» Work required:
Without the pictures, write out all the lines below exactly as they appear.

» Data block:
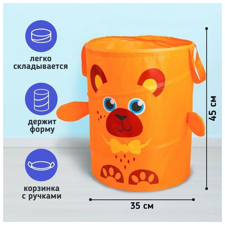 Корзина для игрушек «Медвежонок», с ручками, 45 х 35 х 35 см
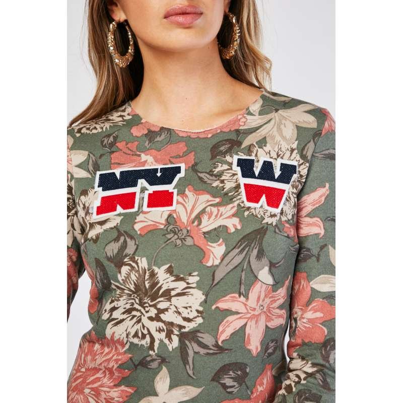 Tags: olive, green, printed, flowery, winter wear, mini dress, jersey knit dress,
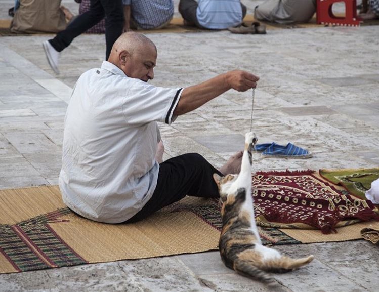 صورة وقصة| رجل يداعب قطة أثناء خطبة #عيد_الفطر في جامع الزيتونة بتونس.(وكالات)
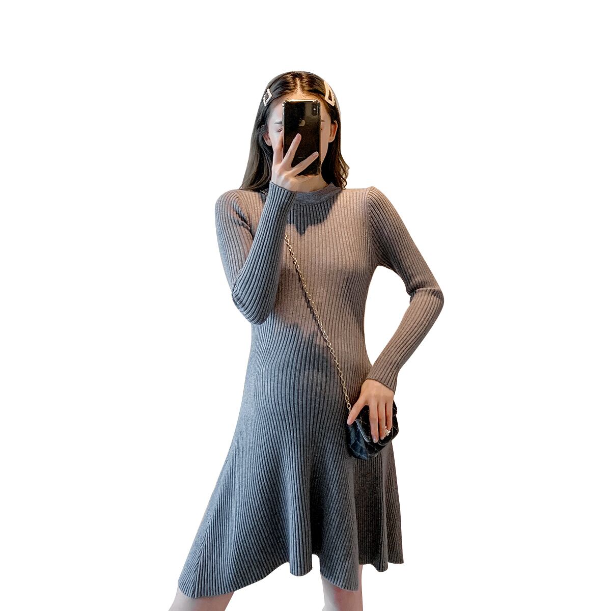 おしゃれ かわいい マタニティウェア ドレス ワンピース オータムニットスカート ロング 秋物 hotmom81660901785

» Result for this task:
 Корзина для игрушек «Медвежонок», с ручками, 45 х 35 х 35 см
 Tags: olive, green, printed, flowery, winter wear, mini dress, jersey knit dress,
 صورة وقصة| رجل يداعب قطة أثناء خطبة #عيد_الفطر في جامع الزيتونة بتونس.(وكالات)
 おしゃれ かわいい マタニティウェア ドレス ワンピース オータムニットスカート ロング 秋物 hotmom81660901785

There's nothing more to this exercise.